A tidbit from E.P. Evans’s Criminal Prosecution and the Capital Punishment of Animals(18-19).

“It is said that Bartholomew Chassenee, a distinguished French jurist of the sixteenth century . . . made his reputation at the bar  as counsel for some rats, which had been put on trial before the ecclesiastical court of Autun on the charge of having feloniously eaten up and wantonly destroyed the barley-crop of the province.”

The case called up all Chassenee’s legal skill: “He urged . . . that inasmuch as the defendants were dispersed over a large tract of country and dwelt in numerous village, a single summons was insufficient to notify them all; he succeeded, therefore, in obtaining a second citation, to be published from the pulpits of all the parishes inhabited by the said rats.” 

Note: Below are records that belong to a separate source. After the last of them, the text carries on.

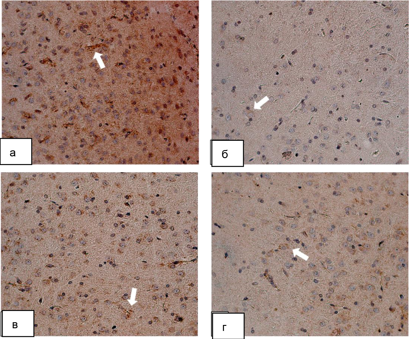 Рис. 2. Изменение экспрессии белка Klotho в цитоплазме нейронов гипоталамуса крыс при экспериментальном сахарном диабете: а – группа интактных животных (крысы без СД); б – группа животных с сахарным диабетом (СД); в – группа животных с сахарным диабетом и фармакокоррекцией аминалоном (СД + аминалон); г – группа животных с сахарным диабетом и фармакокоррекцией сукцикардом (СД + сукцикард). Иммуногистохимическое исследование, антитела против белка Klotho, докраска гематоксилином. Увеличение ×400. Белые стрелки – экспрессия ИРМ
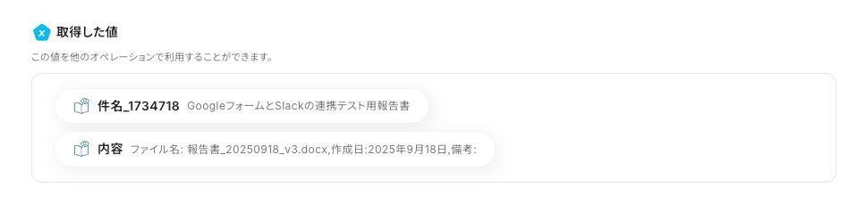 なお、デフォルトで取得した値には仕様上、Googleフォームの回答項目(担当者名など)が含まれません。 回答内容を取得するには、JSONPathを用いてアウトプットを追加する必要があるため、Googleフォームトリガーで、回答内容を取得する方法 を参考にしながら、追加作業を進めてください。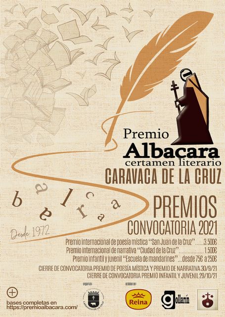 El Ayuntamiento de Caravaca de la Cruz, a través de su Concejalía de Cultura, anuncia la convocatoria del certamen literario Premios Albacara 2021, en sus tres líneas de participación: ‘Premio Escuela de Mandarines', 'Premio de Narrativa Ciudad de la Cruz' y 'Premio de Poesía Mística San Juan de la Cruz', las dos últimas modalidades con carácter internacional.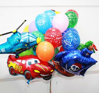 Набор из 12 гелиевых шаров, 12 шаров с рисунками и 4 фольгированных моделей.
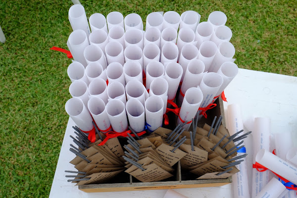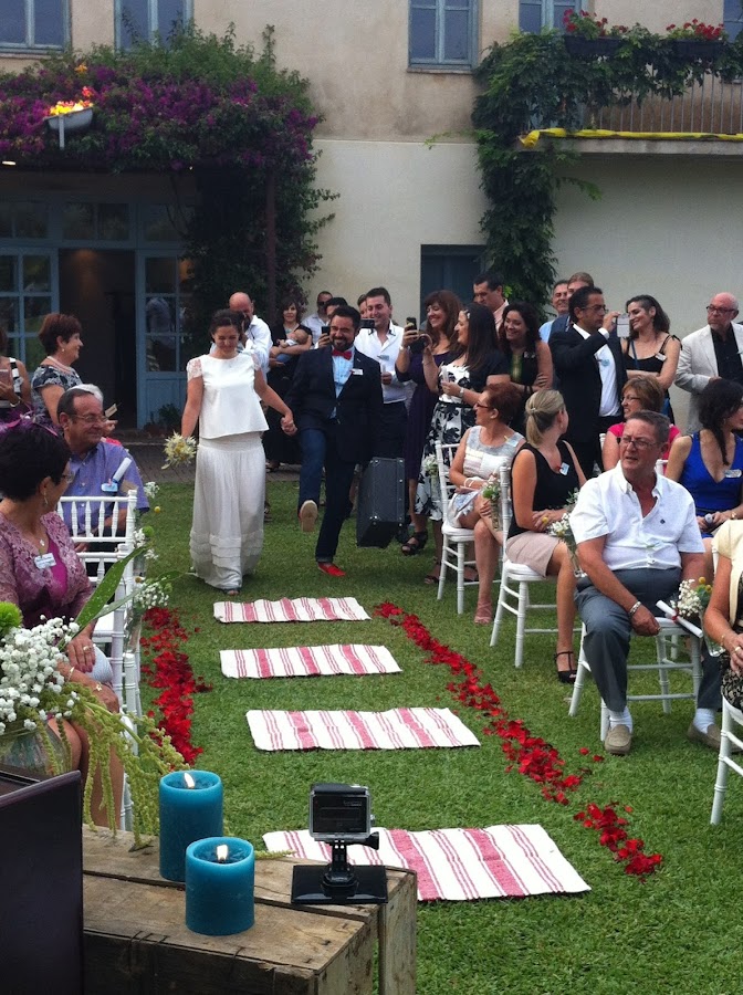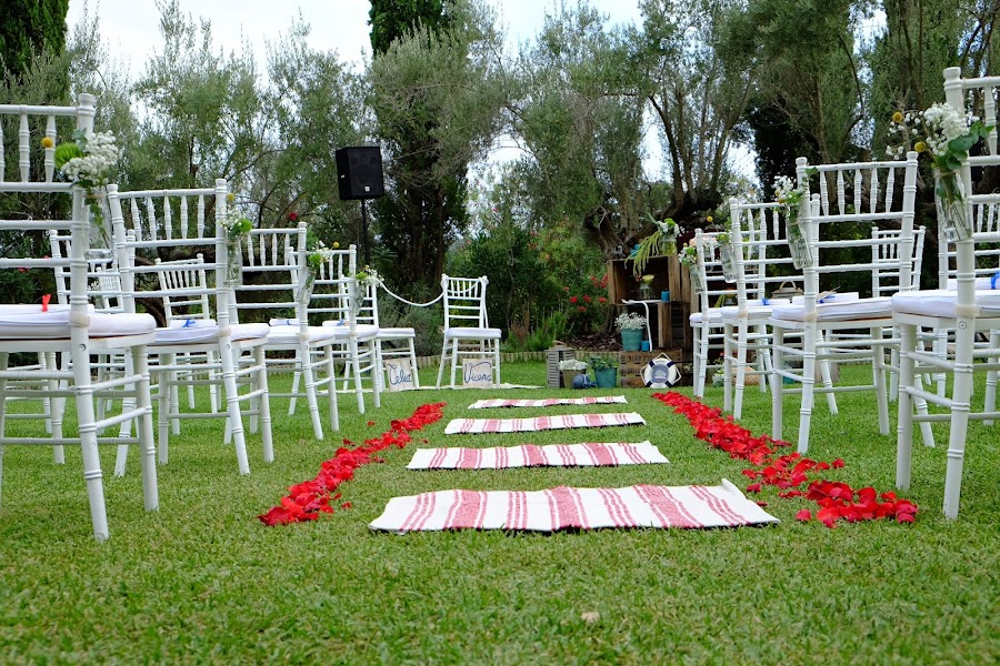 El día de su boda amaneció lloviendo y en lugar de ser yo la que mantuvo la calma, fueron Celia y Vicenç quien me enviaron de buena mañana un mensajito diciéndome que no me preocupara que habían mandado hacer llover para que el césped estuviera bien fresquito para la tarde; así que se puede esperar de una boda? Pues que todo sean risas y calma, ambos se vistieron juntos, Celia iba espectacular con un dos piezas de Laure de Sagazan y Vicenç como buen mallorquín con unas espardenyes en rojo a juego con la pajarita.

When the rats still failed to show, “he excused the default or non-appearance of his clients on the ground of the length and difficulty of the journey and the serious perils which attended it, owing to the unwearied vigilance of their mortal enemies, the cats.” He argued at length that a person can appeal and refuse to obey a summons if he cannot appear in court in safety.

The case came into play later when the Parliament of Provence summoned Waldenses to court to answer charges of heresy. Chassenee argued that “even animals should not be adjudged and sentenced without having a proper person appointed to plead their cause.” 

He turned his experience to good account with the 1531 publication of a book De excommunicatione animalium insectorum.